> [TASK TO COMPLETE] As written and without pictures, set down the lines from the one that contains "Presented is an" through the end of the data.
********************
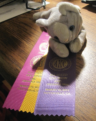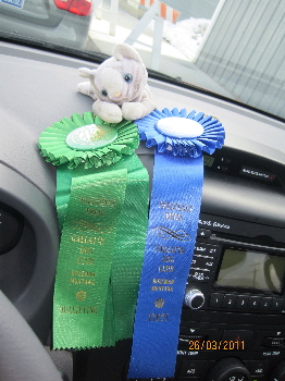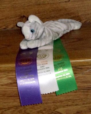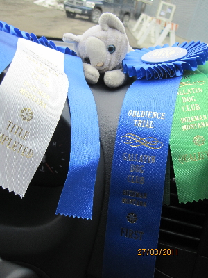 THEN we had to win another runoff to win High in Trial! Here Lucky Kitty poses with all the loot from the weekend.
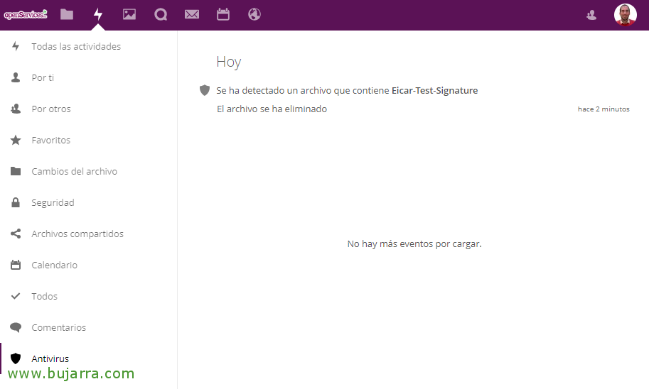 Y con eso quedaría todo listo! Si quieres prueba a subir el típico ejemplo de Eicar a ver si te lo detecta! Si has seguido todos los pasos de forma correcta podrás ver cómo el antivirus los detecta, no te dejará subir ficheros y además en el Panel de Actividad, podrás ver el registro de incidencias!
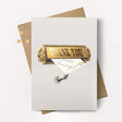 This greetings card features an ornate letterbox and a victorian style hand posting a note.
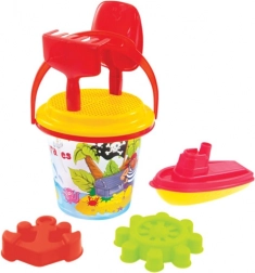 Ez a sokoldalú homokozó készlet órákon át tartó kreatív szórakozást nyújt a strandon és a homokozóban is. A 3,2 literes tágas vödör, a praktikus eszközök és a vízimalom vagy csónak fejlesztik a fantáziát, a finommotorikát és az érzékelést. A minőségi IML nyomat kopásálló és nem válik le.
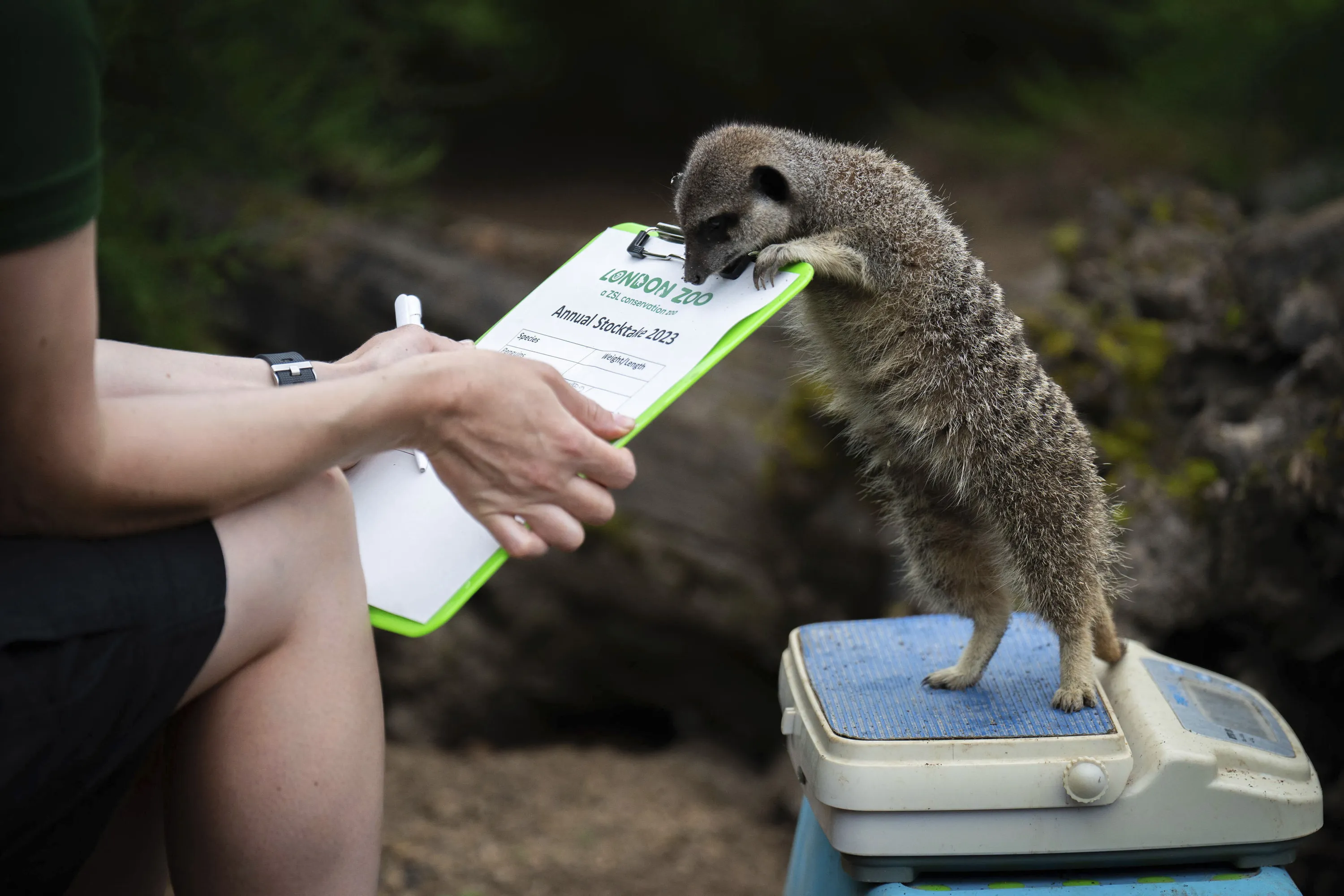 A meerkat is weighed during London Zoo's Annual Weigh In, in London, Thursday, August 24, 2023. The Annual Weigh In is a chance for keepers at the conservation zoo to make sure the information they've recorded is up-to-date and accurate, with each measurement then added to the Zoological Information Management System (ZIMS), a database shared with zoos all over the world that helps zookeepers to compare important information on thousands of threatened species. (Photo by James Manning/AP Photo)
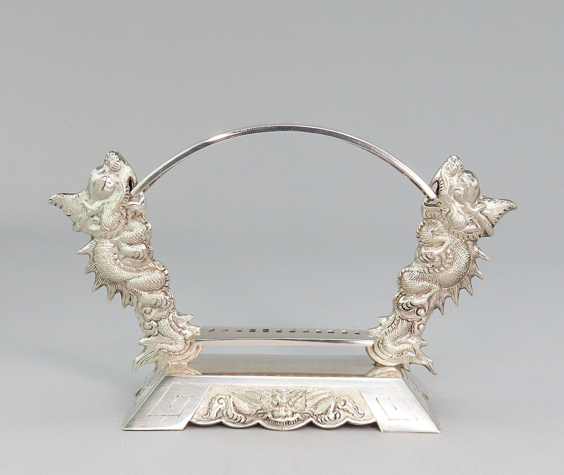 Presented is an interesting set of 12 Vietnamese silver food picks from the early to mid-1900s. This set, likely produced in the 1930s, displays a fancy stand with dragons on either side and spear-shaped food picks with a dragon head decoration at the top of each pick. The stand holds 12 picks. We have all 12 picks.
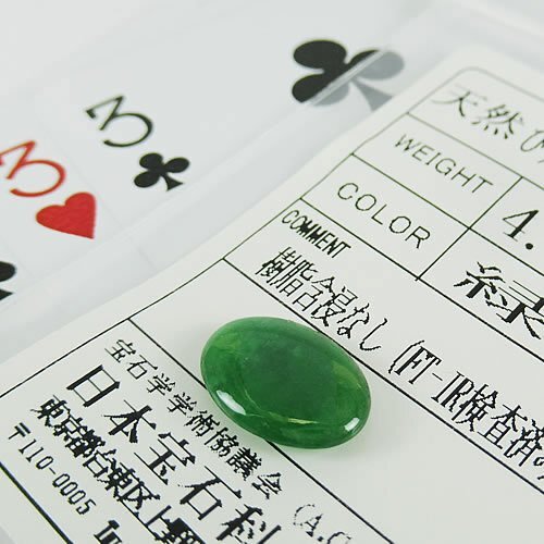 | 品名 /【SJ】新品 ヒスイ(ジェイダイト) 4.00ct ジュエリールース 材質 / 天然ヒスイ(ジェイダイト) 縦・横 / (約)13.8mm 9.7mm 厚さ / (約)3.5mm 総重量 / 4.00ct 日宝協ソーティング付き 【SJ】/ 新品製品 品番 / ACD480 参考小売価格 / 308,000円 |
********************
> [TASK OUTPUT]
 Presented is an interesting set of 12 Vietnamese silver food picks from the early to mid-1900s. This set, likely produced in the 1930s, displays a fancy stand with dragons on either side and spear-shaped food picks with a dragon head decoration at the top of each pick. The stand holds 12 picks. We have all 12 picks.
 | 品名 /【SJ】新品 ヒスイ(ジェイダイト) 4.00ct ジュエリールース 材質 / 天然ヒスイ(ジェイダイト) 縦・横 / (約)13.8mm 9.7mm 厚さ / (約)3.5mm 総重量 / 4.00ct 日宝協ソーティング付き 【SJ】/ 新品製品 品番 / ACD480 参考小売価格 / 308,000円 |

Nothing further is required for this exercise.